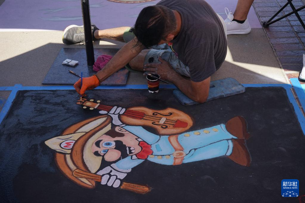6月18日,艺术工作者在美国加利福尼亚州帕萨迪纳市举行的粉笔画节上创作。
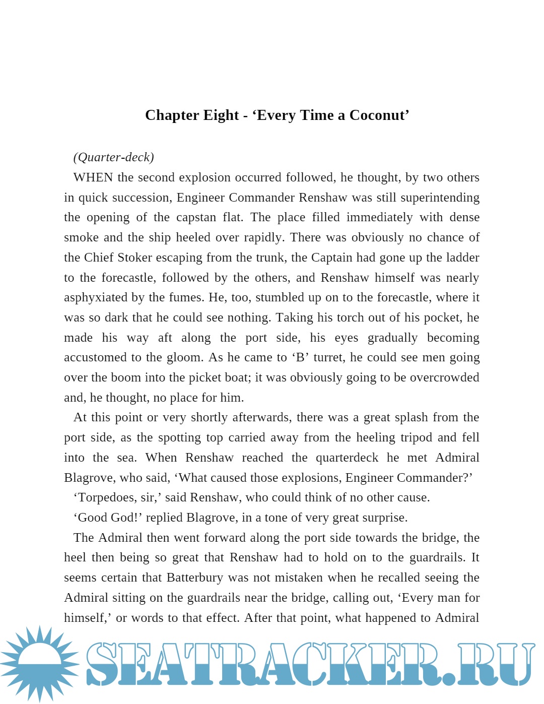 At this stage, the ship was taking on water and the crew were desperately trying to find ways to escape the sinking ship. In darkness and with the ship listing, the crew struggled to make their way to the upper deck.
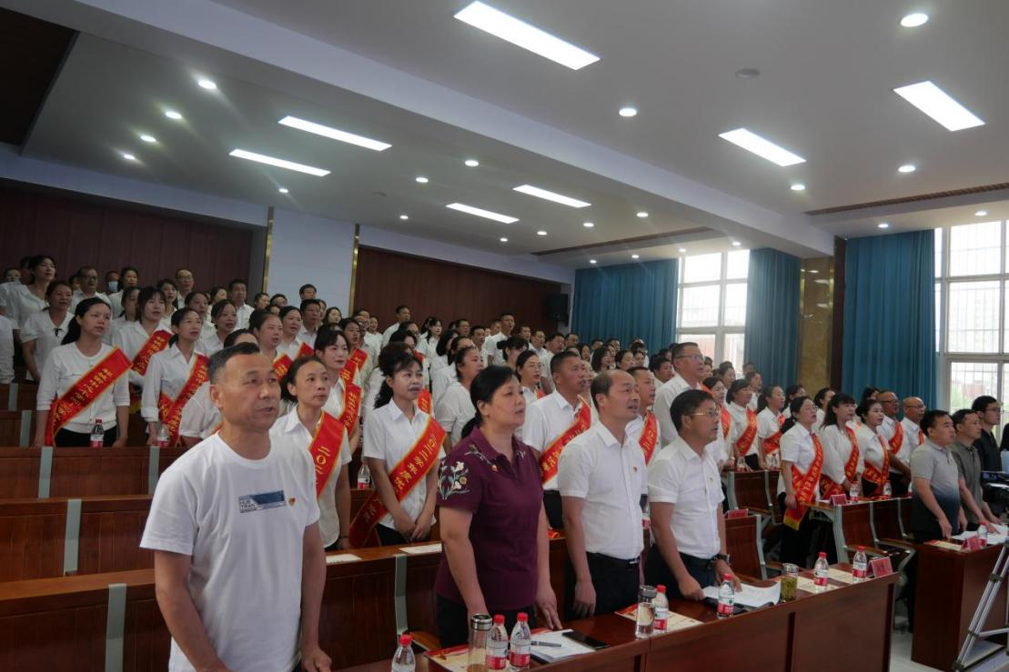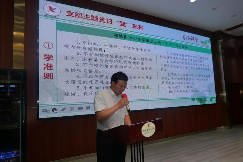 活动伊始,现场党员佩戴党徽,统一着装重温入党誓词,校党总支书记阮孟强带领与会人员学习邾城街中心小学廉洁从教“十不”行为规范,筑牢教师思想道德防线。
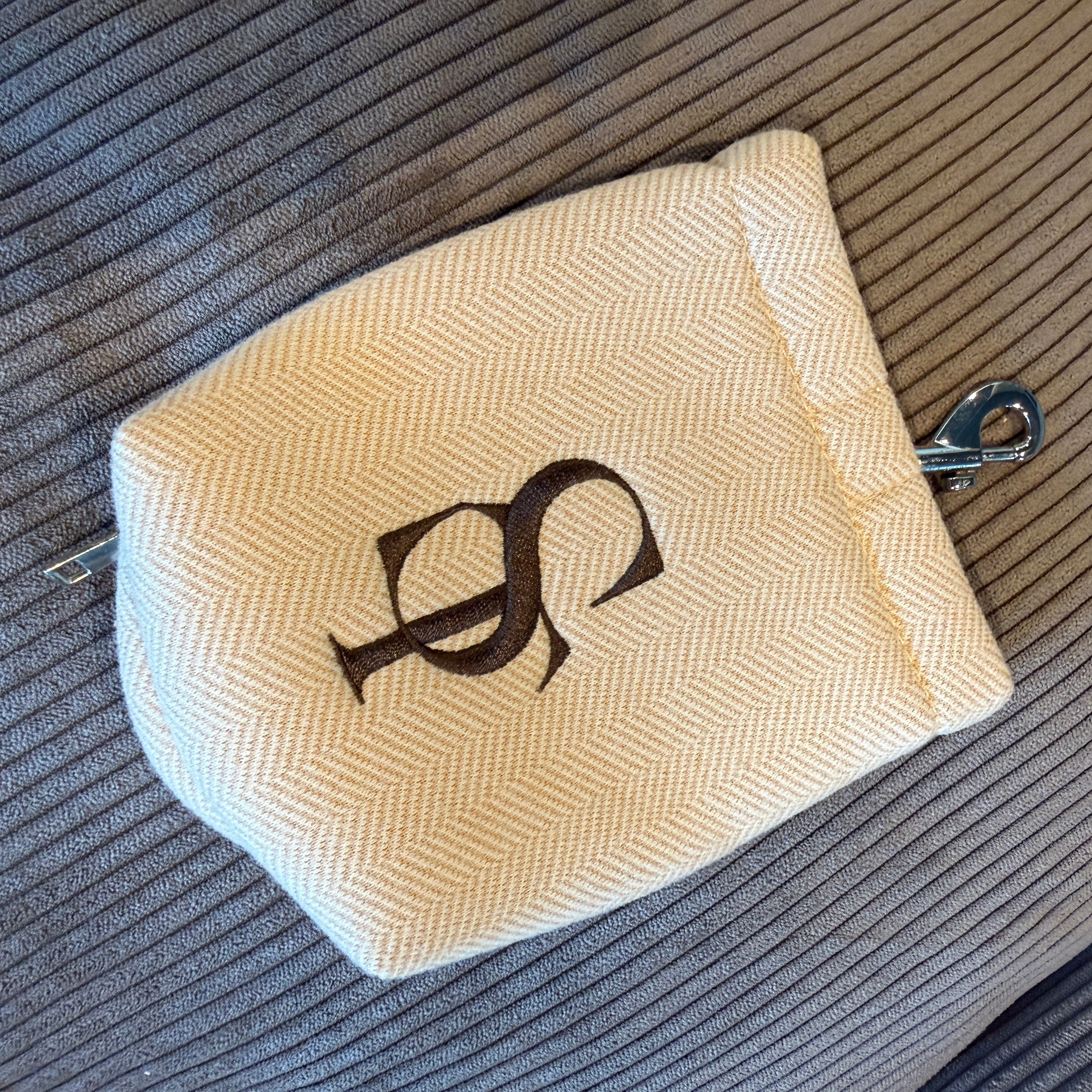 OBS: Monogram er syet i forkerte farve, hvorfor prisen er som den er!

**Task item**
The expected output is the run of lines from the one containing "At this stage, the" to the last line of the listing above, both included, word for word and free of pictures.

**Result**
 At this stage, the ship was taking on water and the crew were desperately trying to find ways to escape the sinking ship. In darkness and with the ship listing, the crew struggled to make their way to the upper deck.
 活动伊始,现场党员佩戴党徽,统一着装重温入党誓词,校党总支书记阮孟强带领与会人员学习邾城街中心小学廉洁从教“十不”行为规范,筑牢教师思想道德防线。
 OBS: Monogram er syet i forkerte farve, hvorfor prisen er som den er!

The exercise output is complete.